You can't do that. …… I thought it was impossible, too.
 At that time, the Master was at his villa in Karuizawa, so I sent a reply to the villa to say no. On the second day after I sent the letter, the Master himself stopped by on his way to work at a hot spring in Izu. He didn't know anything about my reply, so he came to the lodge unannounced. It seems that artists, no matter how old they are, are capable of such childish indulgences.
 Since your mother was not feeling well, I took care of her, served her tea in the kitchen, and gave her a letter of refusal.
I'm sure your letter of refusal has arrived in Karuizawa by now. I've thought it over.
 I thought it over.
"I see.
 He said in a hurried tone, wiped off his sweat, and said, "But I'm afraid I'll have to ask you again.

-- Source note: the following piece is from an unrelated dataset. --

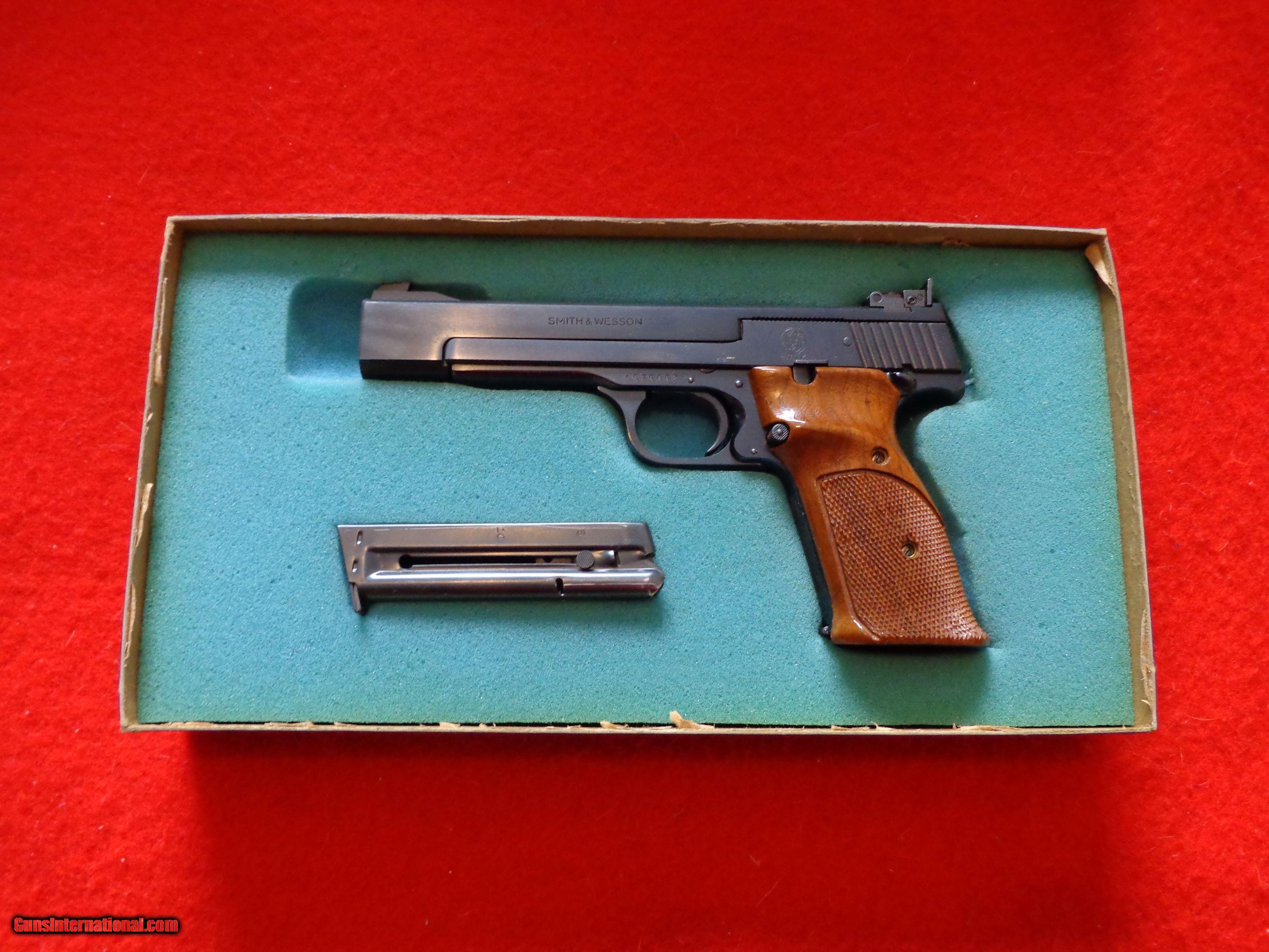 Description: Smith & Wesson model 41 in the box with the factory extra clip. I am the original owner and purchased the gun back in the mid seventies. I believe that the gun was only factory test fired. The barrel is 5.5 inches long, the bluing is as it was when it left the factory and the grips are as well. All of the paperwork is with the gun as it came from the factory---see the pictures--. this gun is a well made "American" target 22 handgun that I am sure someone will get a lot of enjoyment out of. SOLD Manufacturer: Smith & wesson Model: 41 Serial Number: A 575 062 Caliber Info: 22 Bore: like new Condition: like new Metal Condition: like new Barrels: 5.5 in Finish: like new Sights: factory Manufacture Date: 1975 |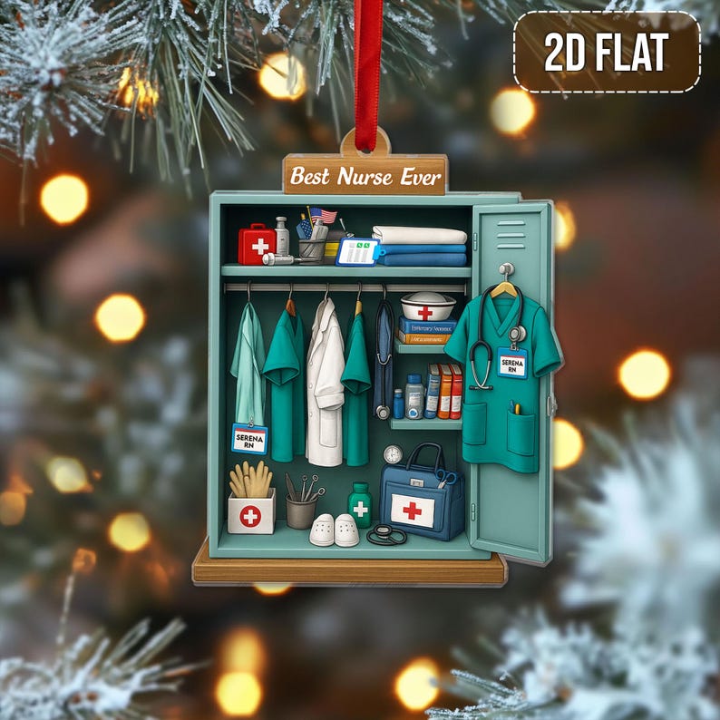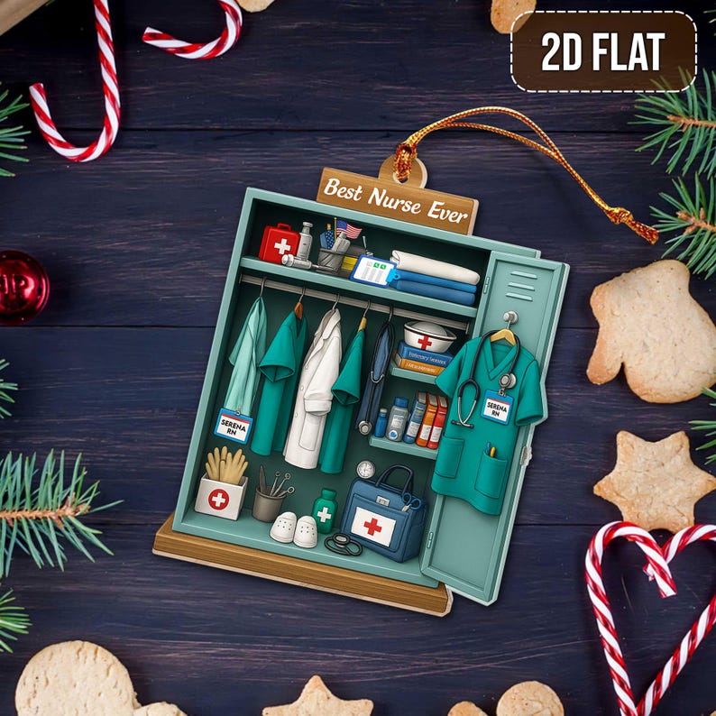 Personalized Nurse Locker Christmas Ornament, Flat 2D RN Scrubs Ornament for Nurse Appreciation, Best Nurse Ever Holiday Gift Idea

But please think about it again. I may not be able to make you mentally happy, so to speak, but I can make you materially happy, no matter what. I can say this clearly. Well, that's a bit of a ramble.
I don't really understand what you mean by happiness. I'm sorry if I sound cocky, but I'm not. In one of Chekhov's letters to his wife, he said, "Please have children, please have our children. In one of Nietzsche's essays, he wrote about a woman who wants to have a child. I want to have a child. Happiness is not important to me. I want money, but only if I have enough money to raise a child.
 The Master laughed in a funny way.
The Master laughed in a funny way and said, "You are a rare person. You are a rare person who can say exactly what you want to anyone. With a person like you, I may get a new inspiration for my work.
 He said, sounding a little uncomfortable for such a gentleman. I thought that if I could really rejuvenate the work of such a great artist, it would be a worthwhile thing to do, but I couldn't help but think of myself in the arms of this master.
"Is it okay if I don't have the heart of love?
 I asked with a little smile.
The Master replied seriously, "That's fine for women. It's okay for women to be vague.
 The master said seriously, "That's fine for women.
But for a woman like me, I can't think about marriage without a heart of love. I'm already an adult. Next year, I will be thirty.
 I felt as if I wanted to cover my mouth when I said that.